Dancer with the Malandain Ballet Biarritz


My thoughts on professional retraining started very early, about 5 years ago. I always knew that career transition was unavoidable and on the horizon. As I stopped my studies at 18 to fully dedicate myself to my dancing career, I always felt mixed not being able to finish my school education.


Photo by Olivier Houaix

Things changed when I encountered my first significant injury, which forced me to stop dancing for a year. It was the impetus that triggered my career transition. I realized that my body was not invincible, and the discovery of my vulnerability created a setback in my dancing career and an urgent need to prepare for my future (in case I could no longer dance). The problem was that I had no idea what I wanted to do next. I knew the careers that I didn't like: being a teacher or choreographer. But this conviction was even more anxiety-provoking because it didn't give me a clear answer on what I wanted to do—facing a blank page with the feeling that I didn't know how to do anything but dance paralyzed me. It plunged me into anxiety-provoking thoughts from which I couldn't get a clear perspective.


After trying to find a way by reading personal development books, I decided to seek a career coach. The work with her was very efficient and productive. She helped me to realize how having had a high-level career for 16 years had given me many qualities that would be valuable skills in the job market. And together, considering my profile, we decided that the best option was a degree in communications. I chose distance learning courses to be able to pursue my career in a field that met my desires (there were limited options). I love photography, aesthetics, and beauty. I like to talk about my passion and convince people of the benefits of dance and art in everyday life. And I would like to find a job that will allow me to take advantage of my dance background.


In a way, communication was a great option. So for 2 years, I took on my free time, alongside my career (between rehearsals, after my working day, during waiting hours in airports) to pursue my studies and obtain my diploma. I hope to still dance for another 1-2 years if my body allows it. I am also about to start a new course: a certificate made by Science Po Paris. It is training adapted for high-level athletes, which would allow me to be eligible to apply for a Master's degree from the university, one of the most renowned in France.


Photos by Jean-Paul Dunand

Although I still don’t have a clear idea of what I want to do after retirement, I am happy to be able to put in place initiatives that will allow me, I hope, to find a job that will fulfill me as much as dance. Retraining is a taboo and painful subject for many dancers. Whether it is premature due to an injury or expected at the end of a career, it remains a dreaded moment because it confronts the dancer with a moment of great uncertainty and insecurity.


Career transition is life-changing, and, in some way, it is a death for a dancer.
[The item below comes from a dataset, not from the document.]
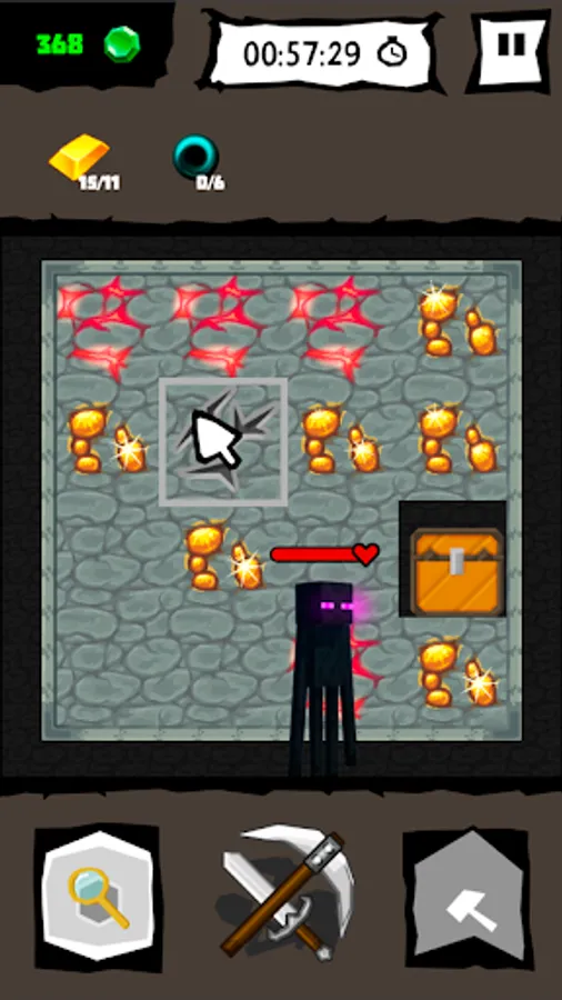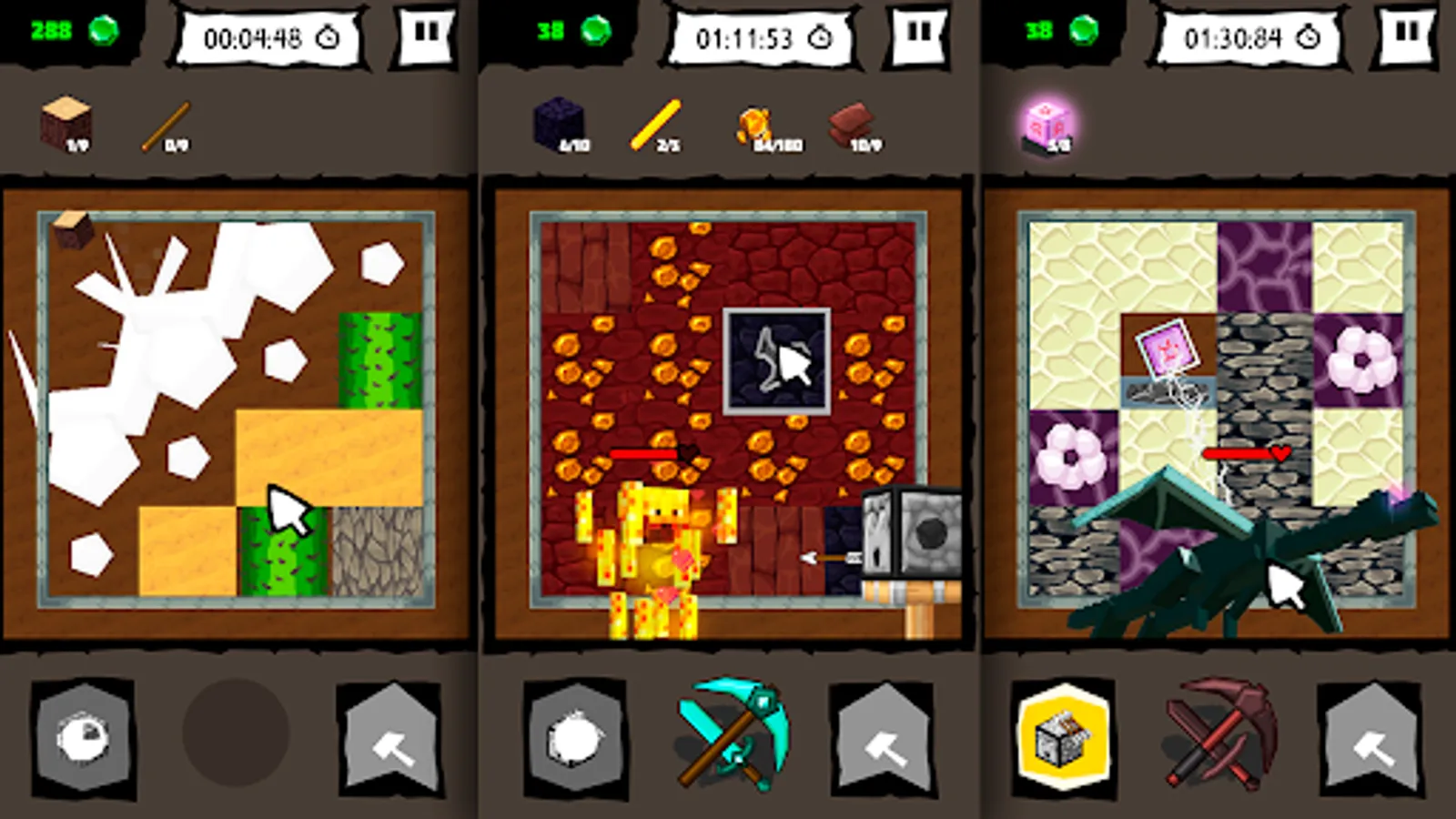 Enjoy this exciting challenge, which is a 4x4 grid filled with random blocks. Your task is to break these blocks by tapping on the screen without wasting time, acting like a real speedrunner. After extracting the necessary resources, you can make a new pickaxe from various resources, for example, diamonds and netherite. And after receiving a netherite set of tools, you need to deal with the End Dragon without delay, after defeating which, a new speedrun record awaits you!

I’m convinced that many professional dancers retrain out of spite in jobs that do not fulfill them simply because they didn't have the support. I am confident that society deprives itself of atypical profiles (like dancers) who have many sought-after qualities: team spirit, resilience, competitiveness, discipline, and endurance, also known as soft skills.


To be at the age where I have to face these issues, I regret that the retraining of dancers remains a subject not taken seriously enough. For those dancers who do not wish to teach, I find the path to a second life lacks support and information. I still have no idea of what I want to do after, but I feel invested with a mission: working for this artform and dance, which have brought me so much and which I would like to serve in one way or another.


In the meantime, I am trying to set milestones to ensure a future that lives up to my ambitions. I want a career that I have chosen for myself. I feel very grateful to my management, who supports and accompanies me in these steps by allowing me to miss certain shows to pass my exams. I know it is rare to have a supportive company that helps its dancers in career transition. And that's another topic of discussion. In my opinion, the dance administration plays a huge role and has the responsibility of supporting dancers in their career transition planning. The industry still has many things to improve in this area.